For patients with heart failure, fluid buildup is a leading driver of symptomatic decompensation and hospitalization. PCWP can rise before symptoms appear, but historically it was measured invasively with a catheter or implant inside the heart. Cardiosense positions its AI-powered software as a way to estimate that value using only the wearable sensor—supporting earlier detection and more proactive management in indicated patients. The company has cited prior publication in the Journal of the American College of Cardiology: Heart Failure and a presentation at the American Heart Association’s 2024 Scientific Sessions; any comparison to implanted pressure sensors should stay within published study context, not sales overclaim.
The De Novo indication is for adult patients with heart failure with reduced ejection fraction (HFrEF), left ventricular ejection fraction (LVEF) ≤ 40%, and New York Heart Association (NYHA) Functional Class II, III, or IV symptoms. Cardiosense has said it plans future algorithms for heart failure detection and heart failure with preserved ejection fraction (HFpEF)—those are pipeline goals, not part of the current label.
This is a software-plus-sensor medical device story—not cath lab capital equipment or implant case coverage. For medical sales professionals, the commercial motion spans heart failure clinics, cardiology practices, hospital quality and readmission programs, and disciplined digital deployment—not OR scheduling alone.
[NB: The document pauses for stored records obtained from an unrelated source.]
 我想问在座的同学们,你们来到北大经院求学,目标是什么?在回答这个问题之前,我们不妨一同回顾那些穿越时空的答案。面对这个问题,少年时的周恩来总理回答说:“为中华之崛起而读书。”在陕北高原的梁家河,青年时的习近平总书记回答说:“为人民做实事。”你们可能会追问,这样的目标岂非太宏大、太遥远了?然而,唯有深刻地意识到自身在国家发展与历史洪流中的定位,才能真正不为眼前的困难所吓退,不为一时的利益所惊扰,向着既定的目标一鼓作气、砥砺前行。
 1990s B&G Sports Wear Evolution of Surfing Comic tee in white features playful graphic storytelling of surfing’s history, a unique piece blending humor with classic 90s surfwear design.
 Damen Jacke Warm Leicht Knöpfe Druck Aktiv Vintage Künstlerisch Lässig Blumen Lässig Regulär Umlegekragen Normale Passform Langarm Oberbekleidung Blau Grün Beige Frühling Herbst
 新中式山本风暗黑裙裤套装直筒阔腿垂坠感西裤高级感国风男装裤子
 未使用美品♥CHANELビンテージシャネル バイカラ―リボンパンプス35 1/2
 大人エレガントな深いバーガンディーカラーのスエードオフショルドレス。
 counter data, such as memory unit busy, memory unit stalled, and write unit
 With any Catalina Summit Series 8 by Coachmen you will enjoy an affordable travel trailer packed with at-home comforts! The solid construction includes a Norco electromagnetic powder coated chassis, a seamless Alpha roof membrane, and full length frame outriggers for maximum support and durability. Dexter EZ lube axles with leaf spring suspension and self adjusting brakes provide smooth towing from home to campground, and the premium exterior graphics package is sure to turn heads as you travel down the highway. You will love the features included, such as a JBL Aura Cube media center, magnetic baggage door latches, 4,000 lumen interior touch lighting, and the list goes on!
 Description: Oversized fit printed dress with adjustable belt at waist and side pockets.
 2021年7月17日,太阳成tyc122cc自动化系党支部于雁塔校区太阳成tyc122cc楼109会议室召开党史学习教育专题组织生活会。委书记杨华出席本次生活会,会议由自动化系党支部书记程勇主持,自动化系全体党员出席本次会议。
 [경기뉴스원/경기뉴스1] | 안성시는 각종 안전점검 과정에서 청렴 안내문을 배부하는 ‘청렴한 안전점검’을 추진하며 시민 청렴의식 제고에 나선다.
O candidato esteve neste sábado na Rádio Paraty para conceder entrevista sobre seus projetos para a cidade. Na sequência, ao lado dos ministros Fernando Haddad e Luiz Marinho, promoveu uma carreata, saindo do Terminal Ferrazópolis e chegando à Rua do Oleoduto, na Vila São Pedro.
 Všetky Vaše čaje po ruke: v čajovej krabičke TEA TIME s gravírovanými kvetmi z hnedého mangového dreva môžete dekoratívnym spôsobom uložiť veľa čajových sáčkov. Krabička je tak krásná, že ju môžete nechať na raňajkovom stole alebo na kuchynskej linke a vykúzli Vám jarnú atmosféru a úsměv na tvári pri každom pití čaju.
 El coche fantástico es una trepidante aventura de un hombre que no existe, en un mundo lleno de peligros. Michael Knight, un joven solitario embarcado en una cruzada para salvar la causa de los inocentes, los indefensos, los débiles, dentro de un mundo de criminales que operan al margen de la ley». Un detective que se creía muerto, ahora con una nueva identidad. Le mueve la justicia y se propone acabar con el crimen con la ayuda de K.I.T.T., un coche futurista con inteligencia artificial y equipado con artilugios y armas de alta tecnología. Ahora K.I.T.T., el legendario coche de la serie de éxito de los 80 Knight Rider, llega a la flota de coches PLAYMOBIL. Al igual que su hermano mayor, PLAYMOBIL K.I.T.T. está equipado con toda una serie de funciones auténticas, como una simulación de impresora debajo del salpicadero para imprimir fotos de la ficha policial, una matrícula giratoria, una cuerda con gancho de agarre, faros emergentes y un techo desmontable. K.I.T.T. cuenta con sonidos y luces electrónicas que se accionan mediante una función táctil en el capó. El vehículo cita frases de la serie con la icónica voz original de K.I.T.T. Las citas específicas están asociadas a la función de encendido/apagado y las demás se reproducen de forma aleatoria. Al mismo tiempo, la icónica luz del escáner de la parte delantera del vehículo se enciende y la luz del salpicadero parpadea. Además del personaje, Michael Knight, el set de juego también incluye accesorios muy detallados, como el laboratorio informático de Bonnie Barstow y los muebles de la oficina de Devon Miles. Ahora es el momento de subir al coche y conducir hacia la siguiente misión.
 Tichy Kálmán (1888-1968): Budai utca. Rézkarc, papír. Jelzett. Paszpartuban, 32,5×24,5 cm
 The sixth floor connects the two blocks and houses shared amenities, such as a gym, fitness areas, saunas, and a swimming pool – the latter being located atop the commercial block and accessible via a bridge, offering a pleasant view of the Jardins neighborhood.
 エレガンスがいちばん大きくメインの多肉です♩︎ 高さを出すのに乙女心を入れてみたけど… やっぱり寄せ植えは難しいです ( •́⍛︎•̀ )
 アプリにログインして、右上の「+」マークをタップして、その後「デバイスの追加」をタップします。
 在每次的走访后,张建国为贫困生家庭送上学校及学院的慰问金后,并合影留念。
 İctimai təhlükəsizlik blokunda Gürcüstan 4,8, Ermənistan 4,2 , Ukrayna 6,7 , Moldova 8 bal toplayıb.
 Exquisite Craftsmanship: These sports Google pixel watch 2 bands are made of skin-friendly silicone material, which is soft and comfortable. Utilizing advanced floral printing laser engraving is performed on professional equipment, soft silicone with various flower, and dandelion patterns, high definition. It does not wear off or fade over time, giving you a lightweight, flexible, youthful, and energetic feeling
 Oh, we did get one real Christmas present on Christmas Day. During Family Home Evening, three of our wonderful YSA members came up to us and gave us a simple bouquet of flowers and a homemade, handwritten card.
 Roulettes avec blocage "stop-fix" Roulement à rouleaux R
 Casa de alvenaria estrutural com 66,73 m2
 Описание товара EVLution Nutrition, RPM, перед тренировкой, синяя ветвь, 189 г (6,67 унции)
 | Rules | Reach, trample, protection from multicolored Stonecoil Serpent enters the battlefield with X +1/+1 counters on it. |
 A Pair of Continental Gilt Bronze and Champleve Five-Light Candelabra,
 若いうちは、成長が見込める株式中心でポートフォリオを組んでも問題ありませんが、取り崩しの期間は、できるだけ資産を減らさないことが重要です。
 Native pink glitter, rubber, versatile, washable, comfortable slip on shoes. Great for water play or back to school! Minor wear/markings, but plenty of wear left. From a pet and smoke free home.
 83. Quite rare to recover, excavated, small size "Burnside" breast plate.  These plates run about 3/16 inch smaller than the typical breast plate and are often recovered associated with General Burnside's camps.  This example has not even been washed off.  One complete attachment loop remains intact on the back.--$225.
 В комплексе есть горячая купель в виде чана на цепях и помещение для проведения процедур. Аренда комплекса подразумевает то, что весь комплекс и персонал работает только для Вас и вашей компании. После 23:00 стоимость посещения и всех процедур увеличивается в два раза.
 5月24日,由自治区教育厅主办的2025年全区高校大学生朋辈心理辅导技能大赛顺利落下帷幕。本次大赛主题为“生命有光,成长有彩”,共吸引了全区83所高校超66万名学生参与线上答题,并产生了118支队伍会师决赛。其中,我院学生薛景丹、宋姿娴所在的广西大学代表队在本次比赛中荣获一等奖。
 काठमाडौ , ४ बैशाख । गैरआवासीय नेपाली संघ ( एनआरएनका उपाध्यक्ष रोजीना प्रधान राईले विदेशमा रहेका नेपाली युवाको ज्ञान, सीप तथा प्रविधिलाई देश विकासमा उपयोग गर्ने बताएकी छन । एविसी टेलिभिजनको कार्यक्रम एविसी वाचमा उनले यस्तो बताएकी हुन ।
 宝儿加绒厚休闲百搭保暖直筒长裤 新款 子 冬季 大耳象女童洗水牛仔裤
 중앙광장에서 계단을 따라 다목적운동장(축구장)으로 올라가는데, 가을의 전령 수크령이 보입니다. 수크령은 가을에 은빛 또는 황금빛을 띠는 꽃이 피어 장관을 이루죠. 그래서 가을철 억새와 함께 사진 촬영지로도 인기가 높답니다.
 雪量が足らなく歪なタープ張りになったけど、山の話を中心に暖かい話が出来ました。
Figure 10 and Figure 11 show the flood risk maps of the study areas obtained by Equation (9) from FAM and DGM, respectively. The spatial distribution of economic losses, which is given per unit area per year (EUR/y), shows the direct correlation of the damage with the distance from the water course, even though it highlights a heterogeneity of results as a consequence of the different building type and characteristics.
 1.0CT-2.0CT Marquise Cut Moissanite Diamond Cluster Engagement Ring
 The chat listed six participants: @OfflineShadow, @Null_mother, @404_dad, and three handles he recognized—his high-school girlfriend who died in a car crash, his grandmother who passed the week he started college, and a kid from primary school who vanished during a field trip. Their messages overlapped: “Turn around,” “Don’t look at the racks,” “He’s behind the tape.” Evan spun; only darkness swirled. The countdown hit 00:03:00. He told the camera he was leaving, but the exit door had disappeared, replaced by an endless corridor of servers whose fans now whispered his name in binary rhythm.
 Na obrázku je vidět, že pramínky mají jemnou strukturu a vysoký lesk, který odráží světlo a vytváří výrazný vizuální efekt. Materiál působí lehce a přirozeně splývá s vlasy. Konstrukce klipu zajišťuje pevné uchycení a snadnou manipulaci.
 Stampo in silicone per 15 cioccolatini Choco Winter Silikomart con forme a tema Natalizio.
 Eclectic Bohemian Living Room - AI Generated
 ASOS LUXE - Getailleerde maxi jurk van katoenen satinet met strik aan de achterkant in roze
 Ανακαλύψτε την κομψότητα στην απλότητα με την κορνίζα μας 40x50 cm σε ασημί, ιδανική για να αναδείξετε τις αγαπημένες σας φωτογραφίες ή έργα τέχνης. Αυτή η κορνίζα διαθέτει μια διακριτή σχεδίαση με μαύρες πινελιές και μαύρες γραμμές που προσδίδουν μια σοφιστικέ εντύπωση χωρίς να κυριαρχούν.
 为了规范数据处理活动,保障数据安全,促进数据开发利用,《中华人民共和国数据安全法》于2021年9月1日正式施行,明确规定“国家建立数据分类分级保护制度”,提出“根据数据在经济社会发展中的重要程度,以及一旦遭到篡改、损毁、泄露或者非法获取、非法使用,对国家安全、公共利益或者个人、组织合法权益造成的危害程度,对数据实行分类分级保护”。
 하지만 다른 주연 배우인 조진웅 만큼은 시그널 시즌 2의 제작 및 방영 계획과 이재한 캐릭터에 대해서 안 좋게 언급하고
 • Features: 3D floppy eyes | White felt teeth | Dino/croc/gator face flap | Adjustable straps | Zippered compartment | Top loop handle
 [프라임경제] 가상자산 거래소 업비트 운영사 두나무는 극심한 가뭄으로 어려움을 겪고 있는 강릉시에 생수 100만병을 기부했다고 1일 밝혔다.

Why This Matters for Medical Sales Careers
- De Novo pathways create a new regulatory category—adoption cycles are often longer and more evidence-heavy than a straight 510(k) predicate swap
- Heart failure readmissions keep economic buyers in the room alongside cardiologists and advanced practice providers
- Reps need clinical literacy on PCWP, HFrEF, and decompensation risk without positioning the tool as a replacement for invasive measurement when clinicians still need it
- Strong candidates blend digital health skills—workflow integration, compliance stakeholders, realistic reimbursement talk—with relationship selling in cardio
- Do not confuse this launch with pharma hypertension brands or cath lab contrast systems; the stakeholder map and ramp metrics differ
Hiring and Interview Takeaways
Candidates should prepare examples of how they sold workflow change: clinician champions, pilot design, training plans, and expansion from one site to a broader program. Interviewers will care whether you can explain label scope, who signs off on new monitoring workflows, and how you handled stalled pilots—not just feature lists.
Employers hiring for “cardio digital” or “HF monitoring” territories should be explicit whether the role is disposable pull-through, software-enabled service, or a hybrid—and what year-one utilization targets look like during launch. Specialty mismatch between implant OR reps and outpatient HF programs is a common reason new hires underperform in the first year.